Re: Berufschancen mit niedrigen Punkten

Verfasst: Montag 10. Oktober 2011, 17:19
von showbee
Immer wieder meine Predigt: Wer im Examen nicht mit 50%iger Wahrscheinlichkeit das VB schafft, sollte schon im Studium seine Nische suchen. Es verschließen nur zuviele Studenten die Augen vor der Wahrheit. Kassieren in Zwischenprüfung und großen Scheinen einen 4-5er Schnitt aber wollen nicht wahr haben, dass ggf. im Examen es nicht zum Prädikat reichen wird. Ein weiteres mal dann im Ref. Mit einem 1. Examen < 7 sollte man sich nicht der Illusion hingeben, dass man "mit etwas mehr Anstrengung als beim 1. Ex" dann das Prädikat erzielt, wenn nur die Tauchstation lang genug wird.

Oft klaffen halt einfach nur Anspruch und Wirklichkeit schon an sich selbst enorm auseinander. Für diese Personen wird es dann schwer sich auf dem Arbeitsmarkt zu behaupten, wenn man andere Lösungen (wie aufgezeigt) überhaupt nicht auf dem Plan hatte.
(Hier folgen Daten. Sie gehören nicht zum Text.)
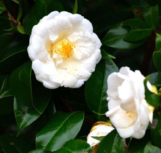 Camelia Biancais an evergreen shrub with dark green glossy leaves and large white flowers in spring. They require acid soil so they should be planted with ericaceous soil and fed with ericaceous plant food from March-October. Camelias grow best in shade, although they can have some sun later in the day. If they are planted in a position where they get the early morning sun they won't flower as the sun hitting any frost on the buds and flowers will damage them and cause them to drop off.

Re: Berufschancen mit niedrigen Punkten

Verfasst: Montag 10. Oktober 2011, 19:14
von Olli
Völlig korrekt.
Und dabei kommt es entgegen der weit verbreiteten Meinung auch nicht zwingend auf "Kontakte" an. Klar, die schaden nicht. Aber bei entsprechender Ausrichtung geht es auch ohne. Häufig genug sagen Spezialisten, die eine Stelle zu besetzen haben, dass sie nicht erst aufwendig jemanden "anlernen" möchten.

Re: Berufschancen mit niedrigen Punkten

Verfasst: Dienstag 11. Oktober 2011, 08:07
von steffi2711
Hi,

es geht auch anders: Ref-Kollege und guter Freund

1. Ex: 4,8
2. Ex: 8,89

vor 2 Wochen auf Lebenszeit verbeamtet worden-Innere Verwaltung Bayern

Lg Steffi

Re: Berufschancen mit niedrigen Punkten

Verfasst: Dienstag 11. Oktober 2011, 14:35
von Stringtheorie
schlechte Noten in einem Arbeitgebermarkt sind.... da beißt die Maus keinen Faden ab.
(Genannte) Ausnahmen bestätigen die Regel.